US DOC slaps AD / CVD duties on CR steel import from China and Japan
The United States Department of Commerce on Tuesday set final anti-dumping duties of 265.79% on imports of cold-rolled flat steel from China and 71.35% on imports from Japan, finding that producers from these countries were selling the products at unfair prices. US DOC also determined that imports of cold-rolled steel from China received countervailable subsidies of 256.44%
In the China AD investigation, no company responded to Commerce’s requests for information during the respondent-selection phase of the proceeding. Accordingly, all producers/exporters in China received a final dumping margin of 265.79 percent based on adverse facts available.
In the China CVD investigation, the Government of China, mandatory respondents Angang Group Hong Kong Co., Ltd. and Benxi Iron and Steel (Group) Special Steel Co., Ltd., and Qian’an Golden Point Trading Co., Ltd., a non-cooperative exporter, all failed to respond to Commerce’s requests for information. Thus, all imports of cold-rolled steel from China will be subject to a CVD rate of 256.44 percent.
In the Japan AD investigation, mandatory respondents JFE Steel Corporation and Nippon Steel & Sumitomo Metal Corporation did not respond to Commerce’s requests for information. Accordingly, both mandatory respondents received a final dumping margin of 71.35 percent based on adverse facts available. All other producers/exporters in Japan received a final dumping margin of 71.35 percent.
The investigations cover certain cold-rolled, flat-rolled, steel products, neither clad, plated, nor coated with metal, but whether or not annealed, painted, varnished, or coated with plastics or other non-metallic substances.

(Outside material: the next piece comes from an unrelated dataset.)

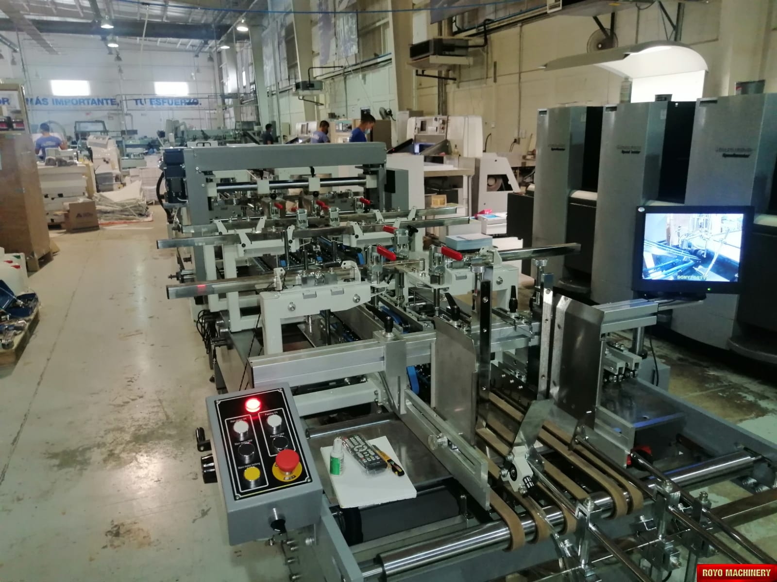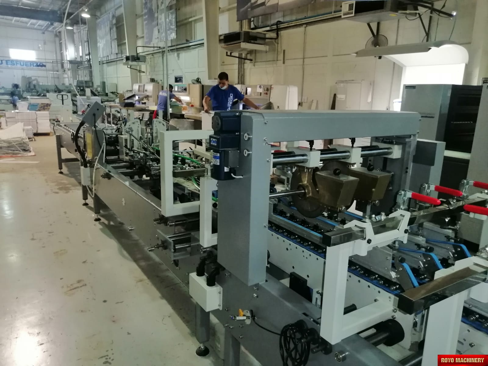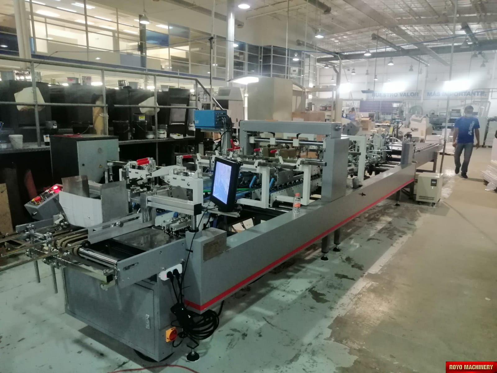 Continuous friction feeder with variable speed, Weight 4.2t, Total Power: 10.26kw, Min. Box size: 200 x 100mm Lock Bottom, Min. Box size: 75 x 80mm Side Gluing, Speed: 0-300m/min, Straight Line, Max. Box size: 800 x 550mm Side Gluing , Max. Box size: 700 x 550mm Lock Bottom, Edge-grinder, Double wall (optional), Disc applied double upper gluing system, Dimensions: 12000 x 1560 x 1600 mm, Crash lock bottom, Configuration: Feeder-Pre Folding-Lock Bottom-Folding-Pressing, Carton thickness: 200-700 gsm, Adjustable electronic pile vibrator, Side gluing: 135 degrees pre-folding for No.1 line, Lock bottom: 90 degress pre-folding for No.3 line

The petitioners for these investigations are AK Steel Corporation (OH), ArcelorMittal USA LLC (IL), Nucor Corporation (NC), Steel Dynamics, Inc. (IN), and United States Steel Corporation (PA).
As a result of the affirmative final AD determinations, Commerce will instruct U.S. Customs and Border Protection (CBP) to collect cash deposits equal to the applicable weighted-average dumping margins. Further, as a result of the affirmative final CVD determination, if the U.S. International Trade Commission (ITC) issues an affirmative injury determination, Commerce will order the resumption of the suspension of liquidation and will require cash deposits for CVD duties equal to the final subsidy rates established during the investigation. Commerce will also adjust the AD cash deposit rates by the amount of the CVD export subsidies, where appropriate. If the ITC issues negative injury determinations, the investigations will be terminated and no producers or exporters will be subject to future cash deposits for either AD or CVD duties. In such an event, all previously collected cash deposits will be refunded.